#### Instructions to follow:
The copy should hold exactly the lines below from the one that contains "Inside, the M3" through the one that contains "One Shoulder Mermaid" and nothing else, so no pictures.

BEGIN Supplied data

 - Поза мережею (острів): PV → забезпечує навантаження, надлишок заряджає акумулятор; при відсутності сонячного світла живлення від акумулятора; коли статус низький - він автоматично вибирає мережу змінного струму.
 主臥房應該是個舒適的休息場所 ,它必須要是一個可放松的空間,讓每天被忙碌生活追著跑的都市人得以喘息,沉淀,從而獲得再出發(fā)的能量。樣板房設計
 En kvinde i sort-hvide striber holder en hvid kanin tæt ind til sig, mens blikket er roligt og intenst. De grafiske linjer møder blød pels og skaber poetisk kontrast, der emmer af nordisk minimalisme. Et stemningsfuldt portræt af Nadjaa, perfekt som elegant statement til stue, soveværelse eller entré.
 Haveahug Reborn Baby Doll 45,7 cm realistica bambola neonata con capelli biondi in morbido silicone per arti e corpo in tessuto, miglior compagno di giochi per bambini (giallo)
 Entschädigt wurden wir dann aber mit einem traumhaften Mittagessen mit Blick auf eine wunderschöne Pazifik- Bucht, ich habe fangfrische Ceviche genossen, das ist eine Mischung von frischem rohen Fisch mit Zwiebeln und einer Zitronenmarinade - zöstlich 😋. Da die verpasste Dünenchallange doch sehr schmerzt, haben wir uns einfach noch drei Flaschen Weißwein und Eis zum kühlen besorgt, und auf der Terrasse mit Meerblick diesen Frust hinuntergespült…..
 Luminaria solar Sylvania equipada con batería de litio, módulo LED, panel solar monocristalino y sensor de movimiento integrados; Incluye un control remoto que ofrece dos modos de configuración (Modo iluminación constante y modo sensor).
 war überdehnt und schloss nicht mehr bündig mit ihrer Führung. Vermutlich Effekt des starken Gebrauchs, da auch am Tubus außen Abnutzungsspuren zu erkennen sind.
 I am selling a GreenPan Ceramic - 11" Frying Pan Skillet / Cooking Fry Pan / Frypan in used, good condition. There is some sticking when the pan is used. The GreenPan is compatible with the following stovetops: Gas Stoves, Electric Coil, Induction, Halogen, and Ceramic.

END Supplied data
BEGIN Supplied data

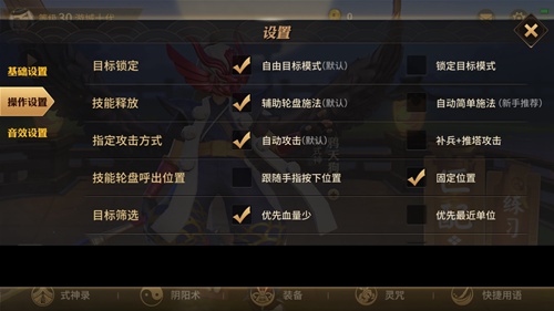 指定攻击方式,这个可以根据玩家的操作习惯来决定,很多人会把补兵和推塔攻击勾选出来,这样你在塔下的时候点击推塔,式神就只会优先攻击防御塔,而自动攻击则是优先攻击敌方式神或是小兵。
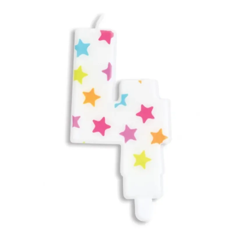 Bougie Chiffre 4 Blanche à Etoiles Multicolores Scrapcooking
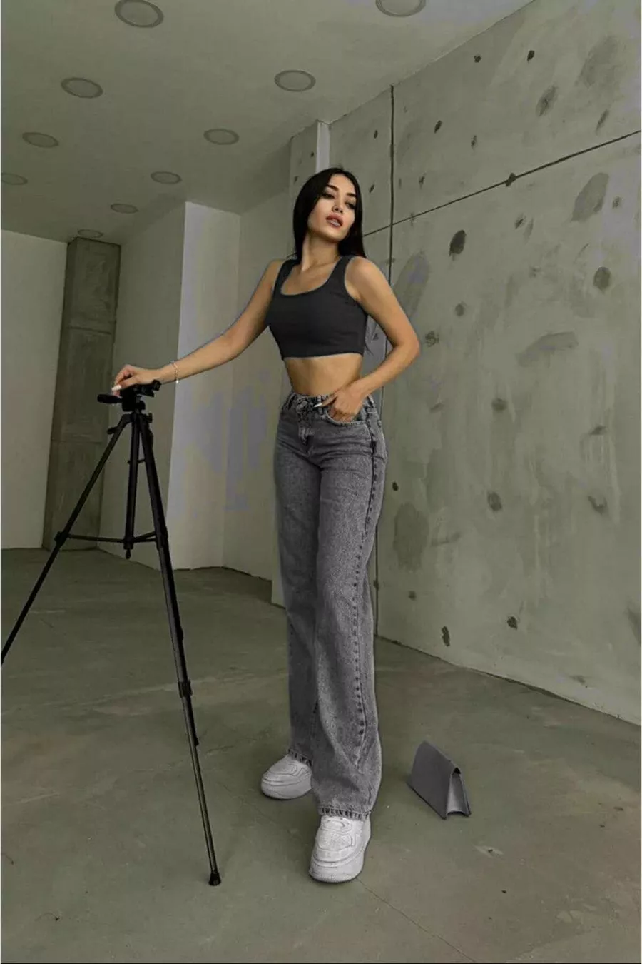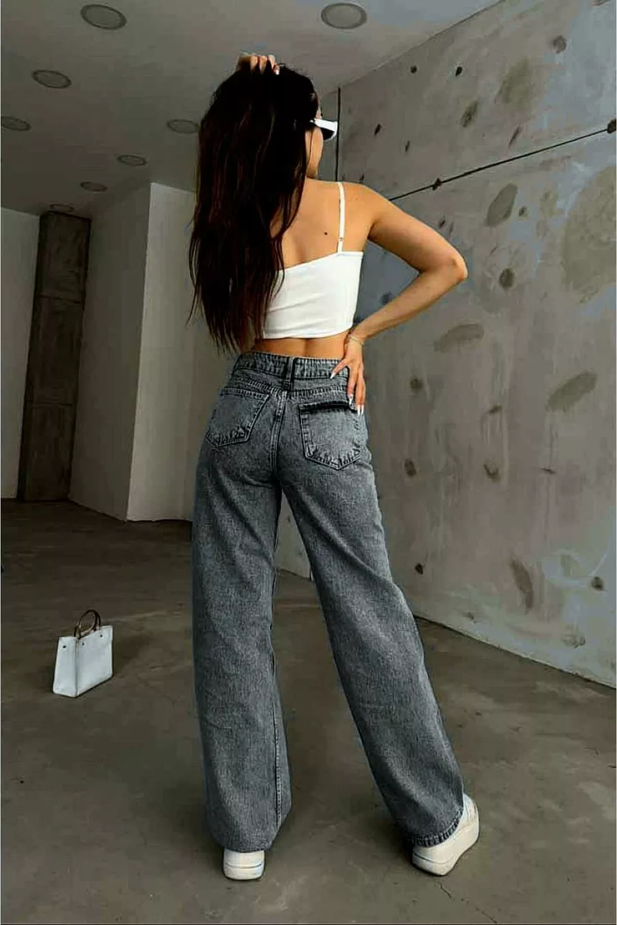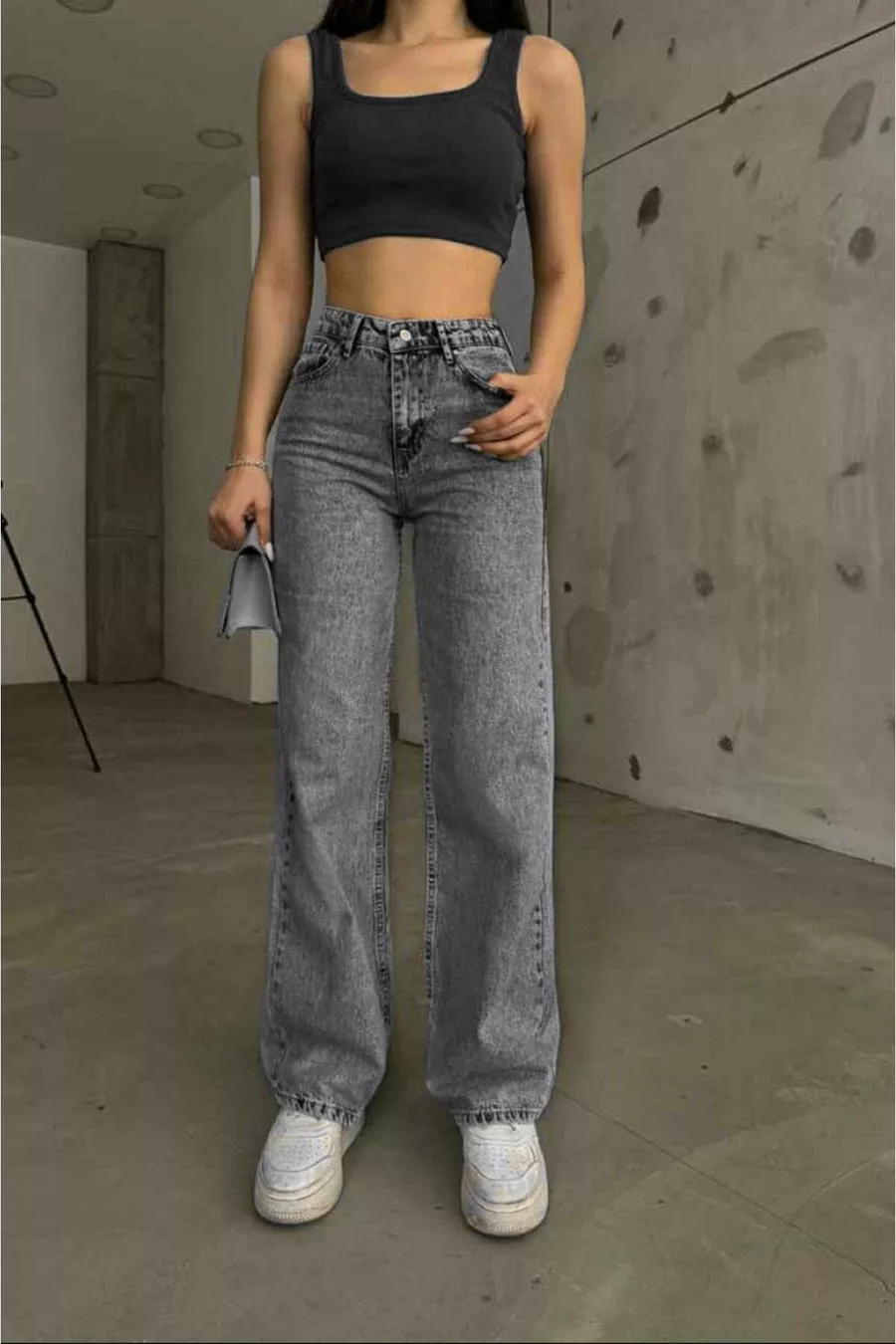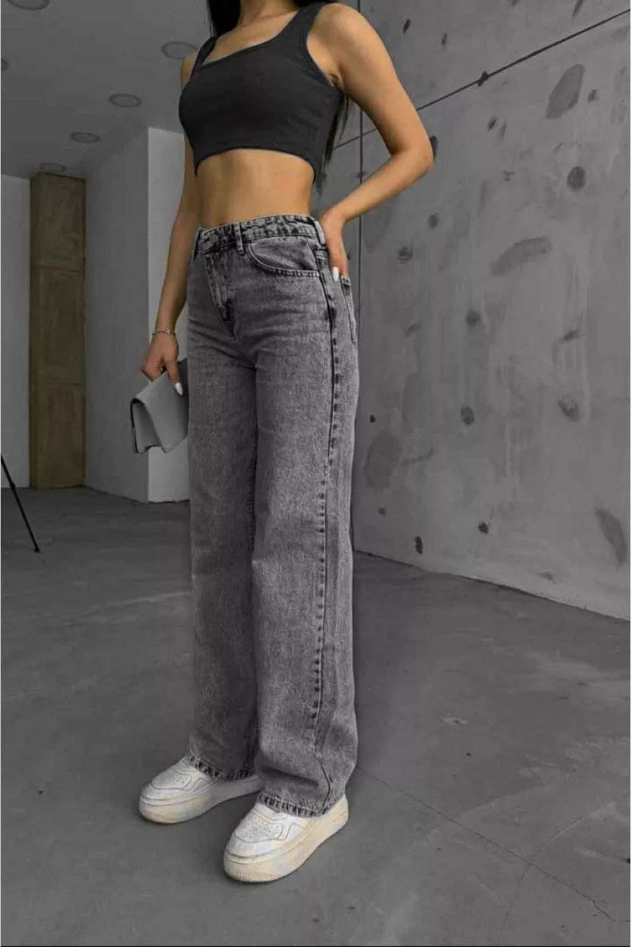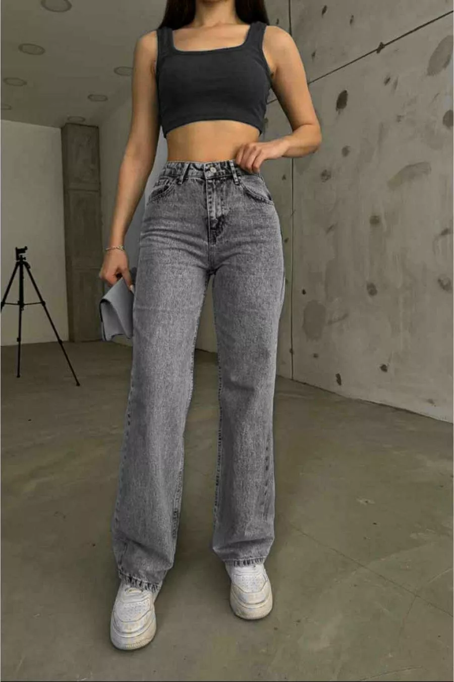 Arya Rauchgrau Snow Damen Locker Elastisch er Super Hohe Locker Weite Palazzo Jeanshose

END Supplied data
BEGIN Supplied data

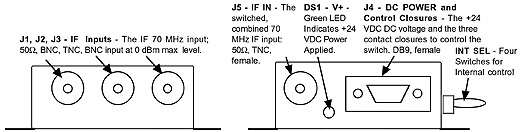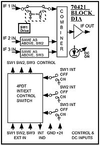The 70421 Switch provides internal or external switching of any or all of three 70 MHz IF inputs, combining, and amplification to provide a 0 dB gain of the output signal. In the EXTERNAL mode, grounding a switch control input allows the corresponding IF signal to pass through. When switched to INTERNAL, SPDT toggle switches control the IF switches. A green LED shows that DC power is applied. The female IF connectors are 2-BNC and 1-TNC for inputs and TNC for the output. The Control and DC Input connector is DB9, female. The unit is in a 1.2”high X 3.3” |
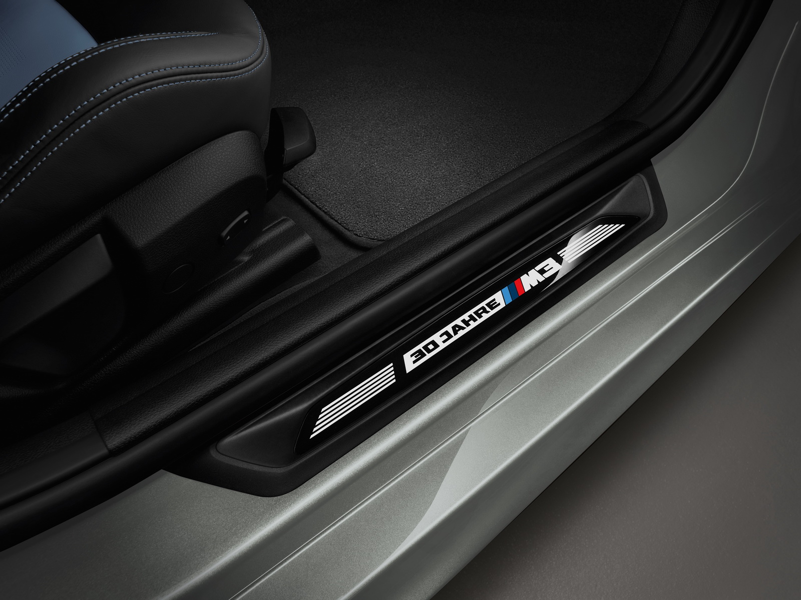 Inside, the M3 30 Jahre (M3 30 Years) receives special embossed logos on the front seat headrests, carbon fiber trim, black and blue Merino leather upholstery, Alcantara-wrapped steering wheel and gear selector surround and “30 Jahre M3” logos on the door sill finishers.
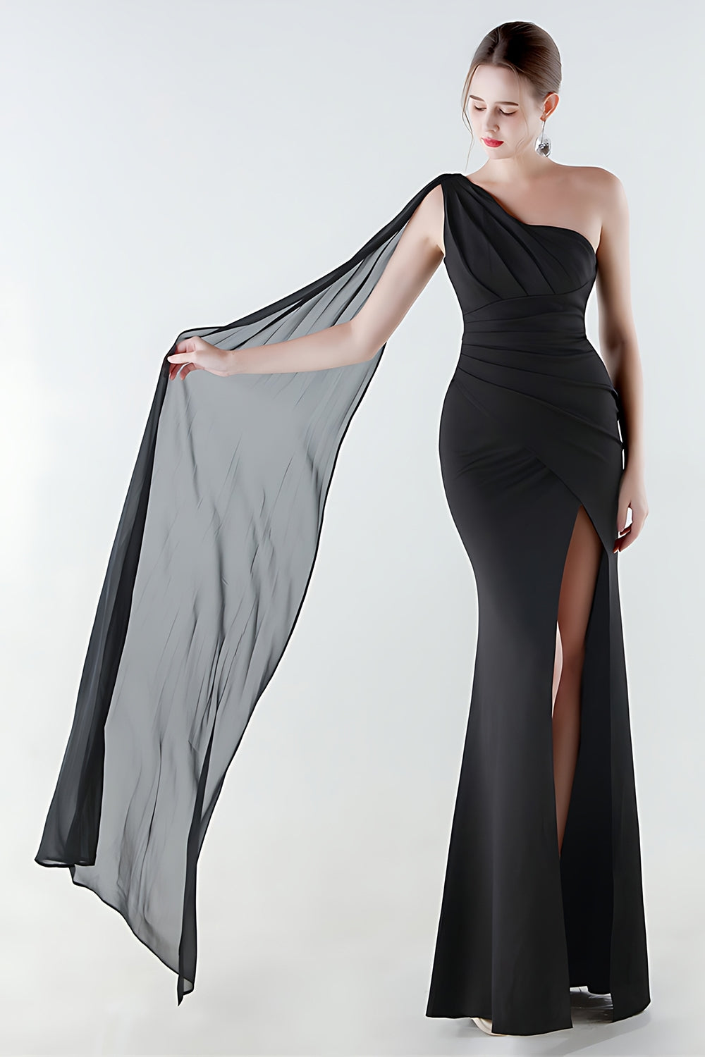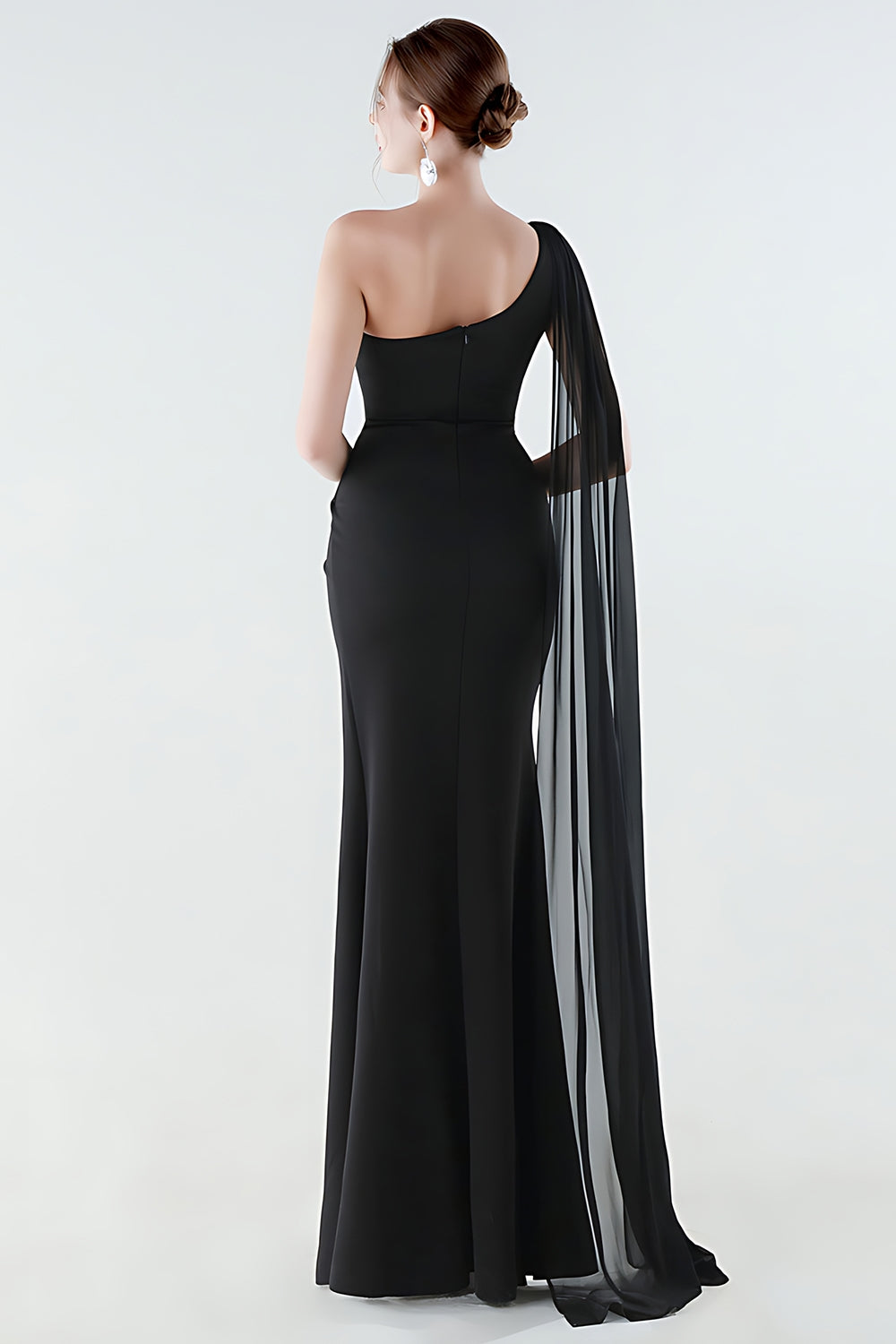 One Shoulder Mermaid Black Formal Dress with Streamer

END Supplied data

#### Your response:
 Inside, the M3 30 Jahre (M3 30 Years) receives special embossed logos on the front seat headrests, carbon fiber trim, black and blue Merino leather upholstery, Alcantara-wrapped steering wheel and gear selector surround and “30 Jahre M3” logos on the door sill finishers.
 One Shoulder Mermaid Black Formal Dress with Streamer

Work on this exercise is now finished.